A high level of customization is needed to accommodate the significant differences in building design caused by divergent local building codes, climate conditions and variations in material and labor supply and cost in different housing markets. So, conventional modular construction fabricators have found it challenging to scale production while supporting customization.


Fragmentation


Construction is a highly fragmented industry composed of many small firms across more than 15 trades. So, systemic innovations that cut across multiple trades or “swimlanes" diffuse more slowly than innovations within a single trade’s swimlane. Both Operation Breakthrough and Katerra failed to recognize the stickiness of traditional fragmented processes and business models across value chain partners.


Investing in the Next Generation of Prefabrication


To address these pressing challenges, Blackhorn has developed a differentiated investment strategy. 
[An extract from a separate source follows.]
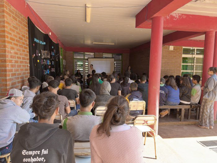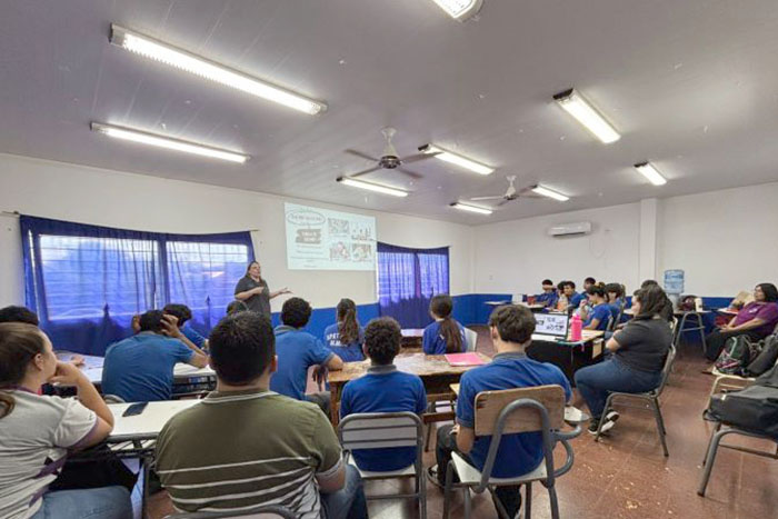 El 05 de Diciembre, parte del equipo GPI de sede San Pedro, visito la Escuela Secundaria Rural mediada por TICs (Esrtic) N° 8500 donde realizaron una jornada de capacitación con alumnos del 5to año. En la ocasión se trabajaron temáticas relacionadas con las Emociones y el Autocuidado, la jornada conto con el acompañamiento de las docente Gladys Valenzuela. En representación del GPI estuvieron presentes la Licenciada Nadia Cáceres Tatarinoff y el Licenciado Lucas Schaffer.

We invest in firms that adopt one of two capital-efficient and resilient business models:


1. a fractional prefabricator approach; or


2. a supply chain orchestrator approach.


Fractional Prefabricator Business Model


Fractional Prefabricators target just those parts of a single trade or a small number of related trades that:


1. face a skilled labor shortage;


2. can be automated with a modest capital investment; and


3. generate high gross margins.


The offsite, fractionally prefabricated solution is faster and cheaper than traditional onsite construction. Automating the skilled labor part of the work helps address skilled labor shortages. And the modest capital investment that the fractional approach to prefabrication requires can be paid back in months rather than years or decades, so this approach is more resilient to industry downturns than high cost, more vertically integrated, multi-trade prefabrication of entire modular rooms or entire houses.
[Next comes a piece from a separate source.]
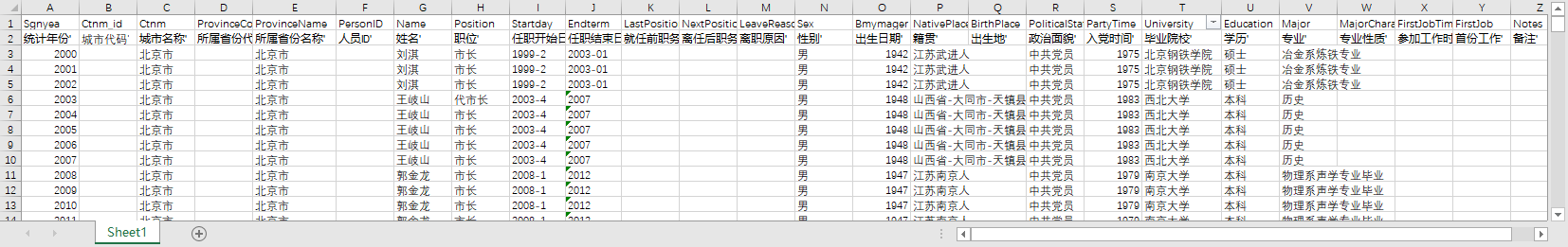 统计年份' 城市代码' 城市名称' 所属省份代码' 所属省份名称' 人员ID' 姓名' 职位' 任职开始日期' 任职结束日期' 就任前职务' 离任后职务' 离职原因' 性别' 出生日期' 籍贯' 出生地' 政治面貌' 入党时间' 毕业院校' 学历' 专业' 专业性质' 参加工作时间' 首份工作' 备注'

Three Blackhorn portfolio companies demonstrate Blackhorn’s fractional prefabricator approach.


• Agorus transforms 2D or 3D architectural BIM files into machine and human instructions for manufacturing custom wall, floor and roofing panels for homes.


• Hyperframe has developed a prefabricated, snap-in, steel framing kit-of-parts system; front-end software that ingests BIM models to automate frame element manufacturing; and a back-end, hardhat-mounted, augmented reality application to show installers where each stud or lintel snaps into its track, enabling 10-15 times faster on-site installation.


• Toggle is automating just rebar cage assembly —not cutting and bending of rebars. Rebar cage assembly onsite is error-prone, fatigue-inducing, expensive, dangerous, inefficient, and hampered by labor shortages.


Supply Chain Orchestrator Business Model


Companies pursuing the supply chain orchestrator approach design a system of modular components while outsourcing the production, assembly, and final installation of their elements. This allows companies to take a lifecycle perspective to cost management without assuming all the debt necessary to own each element of the supply chain. This is in direct contrast to Katerra’s business, which sought to control the supply chain by acquiring and owning every part of the value chain, making it highly vulnerable to the market’s cyclicality.


Blackhorn’s portfolio company, Modulous, serves as a good example of this approach. Modulous has created a digital platform to synchronize the site and building design, approval, procurement, and logistics of multi-family homes, shortening the delivery lead time by general contractors to typically one week from order.


What Our Portfolio Companies Share in Common


Whether through the fractional prefabrication business model or supply chain orchestrator model, Blackhorn’s portfolio companies set their growth trajectories based on deep understanding of the fragmented construction market, avoiding the risk of horizontally and vertically integrated prefabricators—a lesson learned from Operation Breakthrough.


Our portfolio company founders focus on specific pain points instead of trying to “solve them all.” This allows them to develop capital-light, agile business models. While most traditional VC investors have shied away from investing in manufacturing/service enterprises that prefabricate buildings, Blackhorn is aggressively stepping into this underinvested niche in the construction sector, and we have seen strong initial results.